The long, bloody bid to run the Islamic State out of Mosul, the militant group’s last major stronghold in Iraq, is in its seventh month. It’s a testament to the time and patience it takes to defeat IS fighters entrenched
The long, bloody bid to run the Islamic State out of Mosul, the militant group’s last major stronghold in Iraq, is in its seventh month. It’s a testament to the time and patience it takes to defeat IS fighters entrenched in an urban environment.
Count on the same measure of time and patience to retake Raqqa, Islamic State’s de facto capital in war-wracked Syria.
But one crucial steppingstone in the campaign to oust the militant group from Raqqa was finally reached last week, when President Donald Trump decided to arm Syrian Kurdish fighters poised to move in on the northern Syrian city.
The Pentagon will supply Kurdish forces with heavy machine guns, armored cars, anti-tank weapons and mortars — supplies regarded as pivotal against an enemy that fortified itself with trenches, booby traps, car bombs and even tanks taken from Syrian army forces.
Why Kurdish forces?
Because Syrian Kurds have the best track record for retaking territory from the Islamic State.
Arming the Kurds is the right tack for Trump to take, a decision that for months some have urged Trump and his predecessor, Barack Obama, to make.
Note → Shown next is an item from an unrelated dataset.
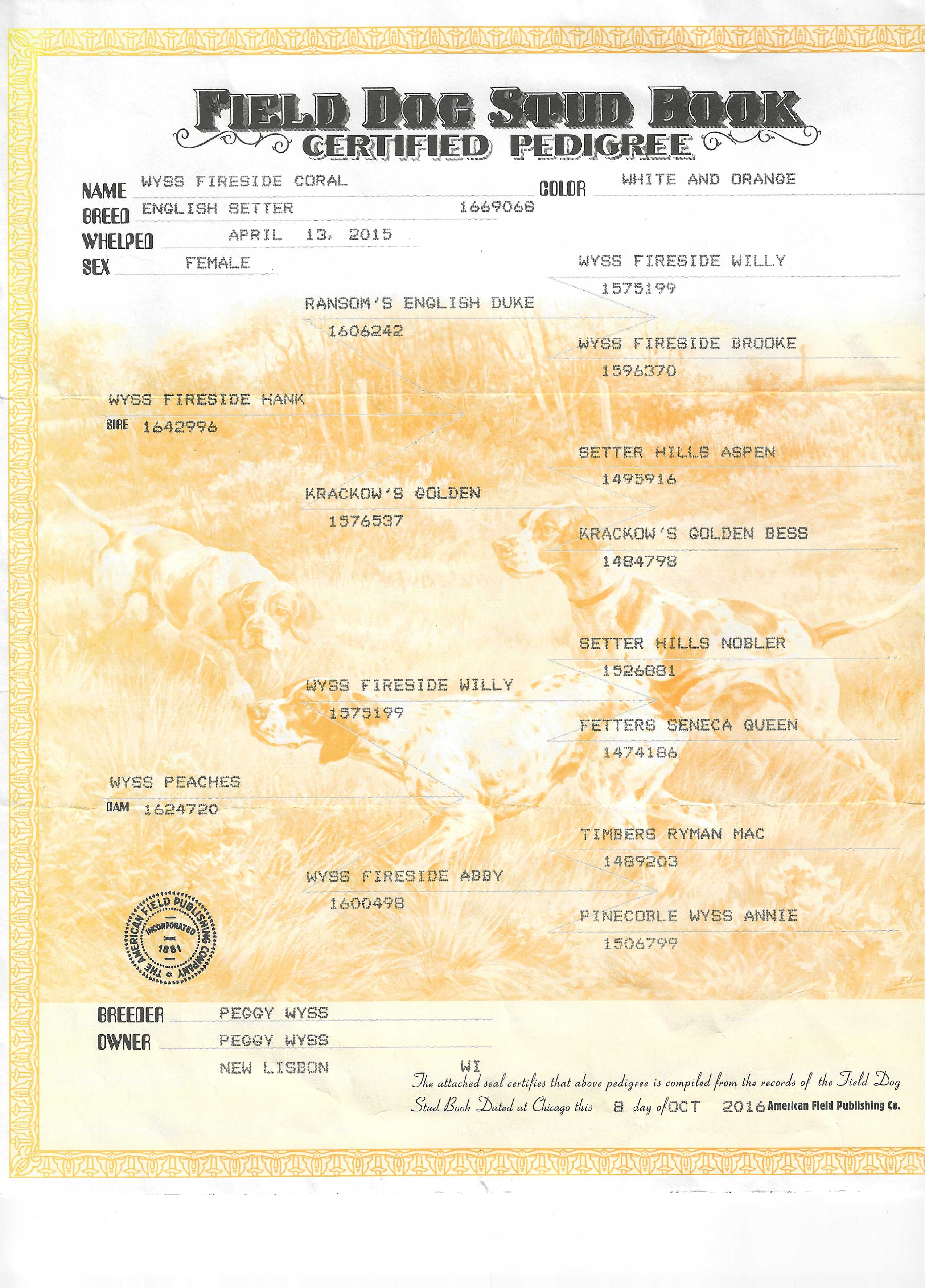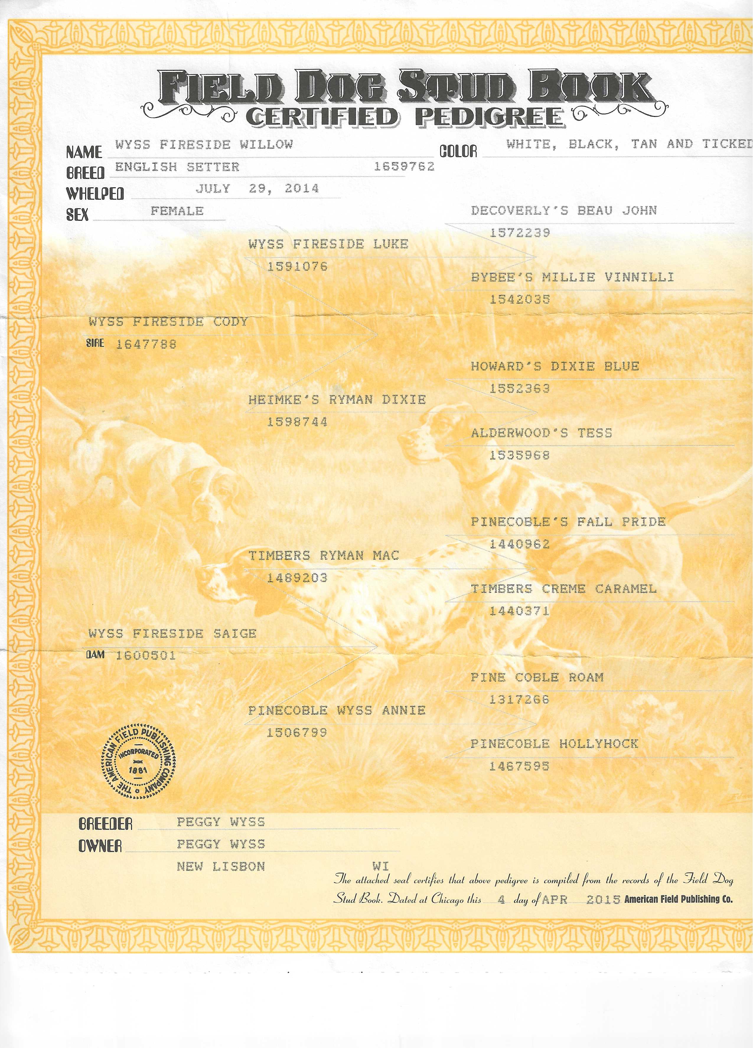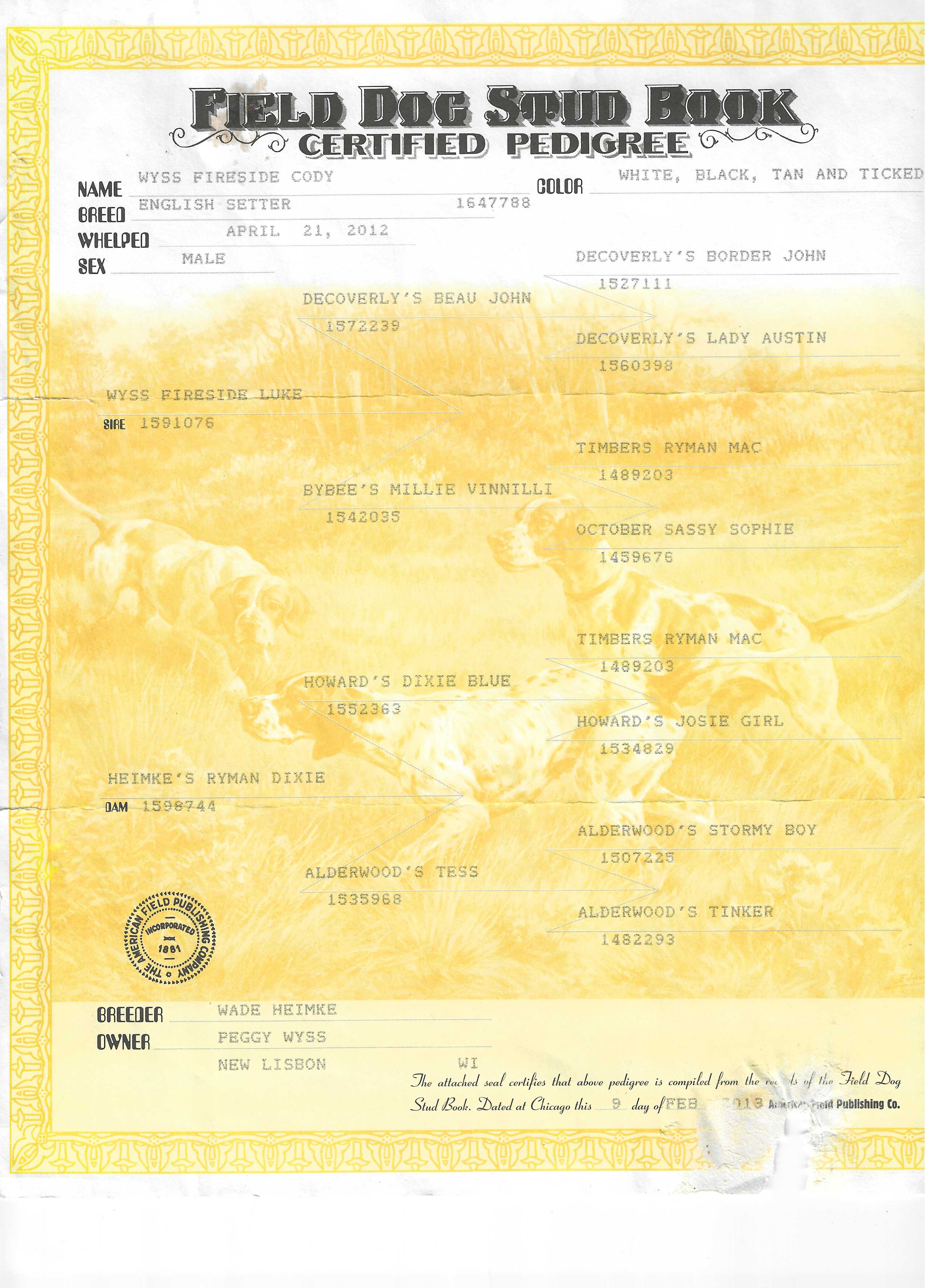 WYSS' ENGLISH SETTERS  Ryman / Old Hemlock

Behind the reluctance by both administrations has been a strong concern about how Turkey will react.
Syrian Kurdish forces, also known as the YPG, are fighting under the umbrella of the U.S.-backed Syrian Democratic Forces, alongside Syrian Arab forces.
Turkey has long regarded the YPG as a terrorist force linked with the Kurdistan Workers’ Party, a separatist group that Ankara has clashed with for decades.
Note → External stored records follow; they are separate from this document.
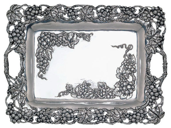 An elegant way to serve snacks, the Grape Clutch Tray by Arthur Court Designs brings the beauty of a vineyard to your dining decor. Crafted from FDA-approved food safe? Aluminum, the Grape Clutch Tray can be chilled in the refrigerator or freezer to keep your appetizers fresh. A portion of all sales of products made by Arthur Court Designs goes to support wildlife education, preservation, and environmental conservation efforts.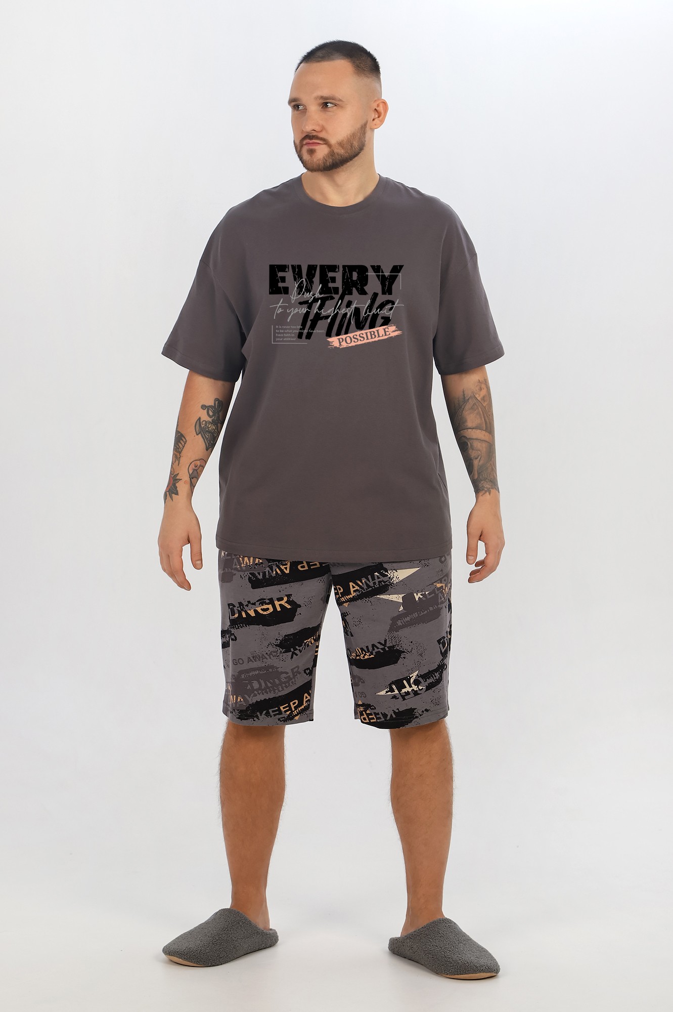 Костюм мужской из хлопчатобумажных трикотажных полотен кулирного переплетения. Однотонная футболка со слегка спущенной линией плеч, округлым вырезом горловины, с принтом. Шорты из полотна с набивным рисунком эксклюзивного дизайна, с боковыми карманами, на притачном поясе из рибаны с отстроченной эластичной тесьмой.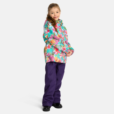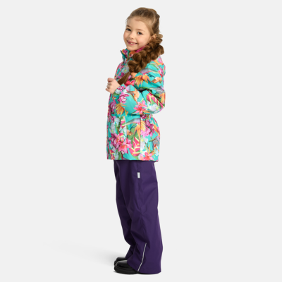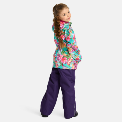 Children´s transition season jacket and pants set. Water- and windproof, breathable outer fabric. The inside of the jacket and trousers is made of soft lining fabric. Rubber band incorporated in the sleeve ends, hood edge, and back waist. The removable hood attaches to the collar with press studs. The trousers have a higher waist and adjustable elastic braces. incorporated rubber waistband. Rubber band tunnel with stoppers at the ends of the legs. Waterproof taped seat seam. The pants have no inseam on the leg. Both jackets and trousers have reflective details.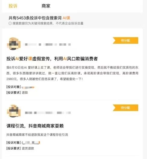 在黑猫投诉平台搜索AI卖课,相关结果高达5435条,大部分都是老年人被骗了。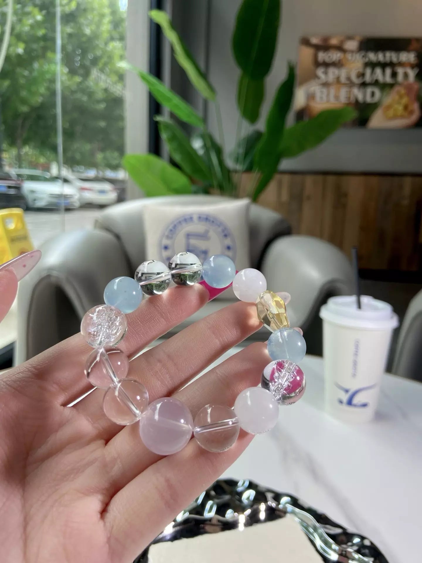 Immerse in the tender, ocean-kissed energy of this bracelet💎🌊! Aquamarine wraps you in a protective shield, easing discomfort and boosting inner confidence✨. Rose Quartz fosters sweet love and warm intimacy, while Clear Quartz & White Phantom purify negative vibes. Himalayan Quartz nurtures self-acceptance and gentle healing. Its soft pink-blue-yellow-white-clear palette glows like sea foam under sunlight—wear daily to embrace peace, love and heartfelt serenity💫!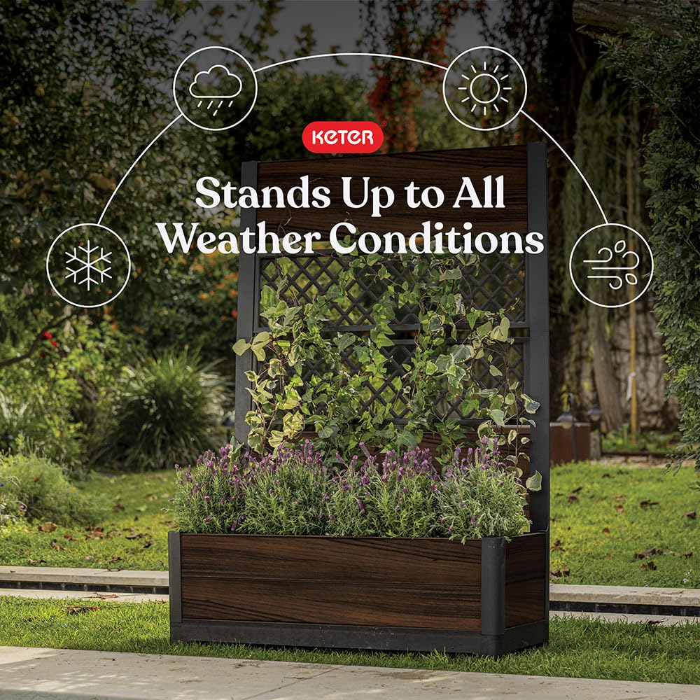 Keter Outdoor Planter Box with Privacy Screen and Trellis – 26 Gallon Raised Garden Bed for Climbing Plants & Flowers – Wood-Look Resin, Weather-Resistant Divider for Patio, Balcony & Backyard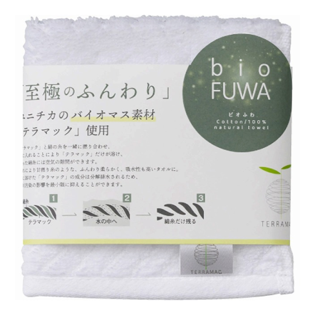 「至極のふんわり」ユニチカのバイオマス素材「テラマック」使用。テラマックと綿の糸を一緒に撚り合わせ、水に入れることによりテラマックだけが溶け、残った綿糸には空気の隙間ができます。これにより甘撚り糸のような、ふんわり柔らかく、吸水性の高いタオルに。水に溶けたテラマックの成分は分解排水されるため、河川汚染の影響を最小限に抑えることができます。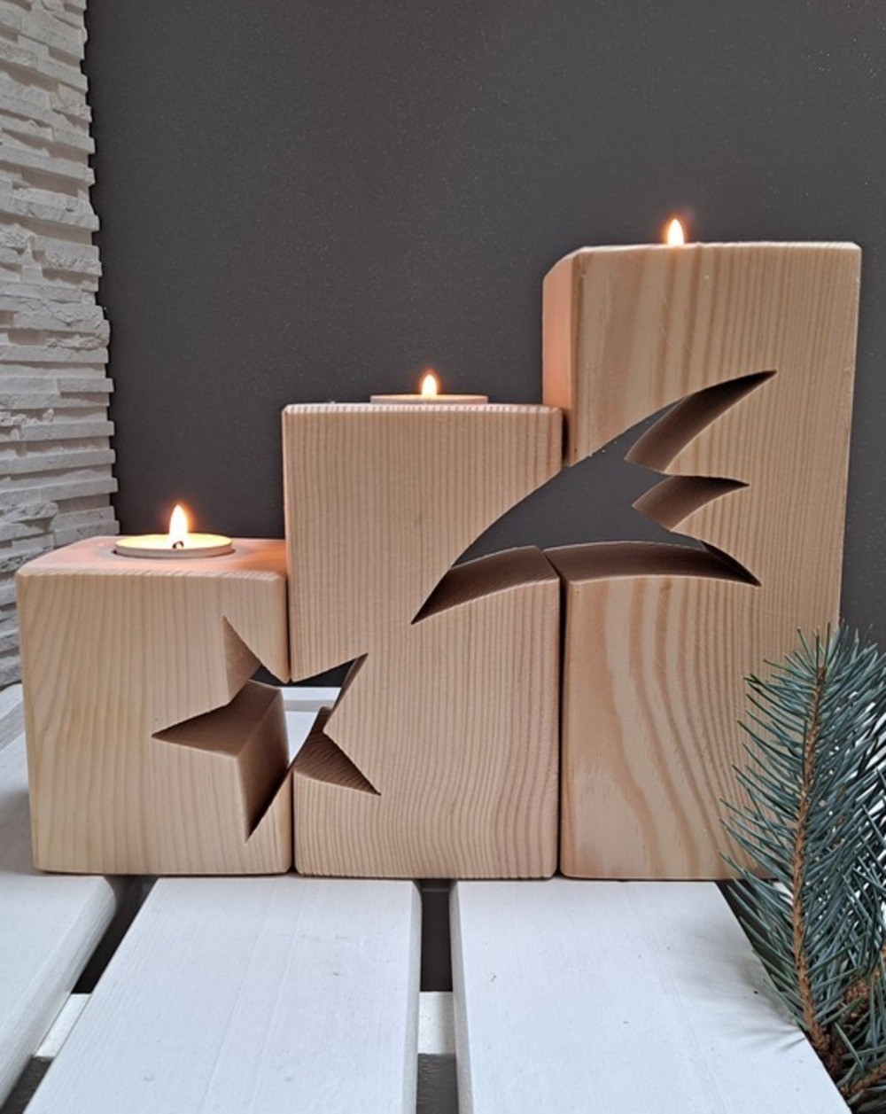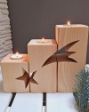 Drewniane świeczniki tworzące się z trzech elementów o wymiarach 20 cm, 15 cm i 10 cm do dekoracji ( przekrój każdego elementu 9cm x 9 cm ), która wprowadza w świąteczny klimat. Każdy z elementów został wykonany z najwyższą starannością, a dokładność wycięta w gwiazdę betlejemską dodaje mu elegancji i uroku. Naturalny zapach drewna oraz jego ciepły, naturalny kolor doskonale wpasowują się w każde wnętrze, tworząc przytulną i świąteczną atmosferę. Drewniany świecznik to nie tylko piękna dekoracja, może on również okazać się wspaniałym prezentem, który sprawdził się jako elegancki gest, gdy wybieramy się w gości podczas świąt.

Turkey, along with the U.S. and Europe, lists the party, known as the PKK, as a terrorist organization.
The reaction to Trump’s decision from Turkey, a NATO member and an important ally in the fight against the IS, was swift and blunt.
Its defense minister, Fikri Isik, said Wednesday that the decision plunges Washington and Ankara into a “crisis.”
He warned cryptically that Turkey, which has its own troops in Syria, has the authority to defend its interests in that country.
The Pentagon and State Department will need to work fast to get Turkey to, if not support the decision to arm the Kurds, at least acquiesce to it. The U.S. already made it clear that once Raqqa is liberated, Syrian Arabs rather than Kurds will govern the city.
And American officials stressed that the U.S. will try to ensure the arms supplied to Kurdish fighters aren’t smuggled out for separatist attacks on Turkish interests.
So far, that hasn’t been enough to mollify Turkey.
Trump and his team will get a chance to chip away at Ankara’s objections when Turkish President Recep Tayyip Erdogan visits Washington.
So much is at stake: The U.S. cannot afford to alienate a Turkish government that remains crucial in the ongoing battle against Islamist militancy. But vital to that battle is the defeat of the Islamic State in Raqqa.
Victory for the West there, coupled with success in Mosul, would deprive the Islamic State of its two primary nerve centers in the Middle East.
Arming the Kurds is a good first step.
Safeguarding ties with Turkey is the next.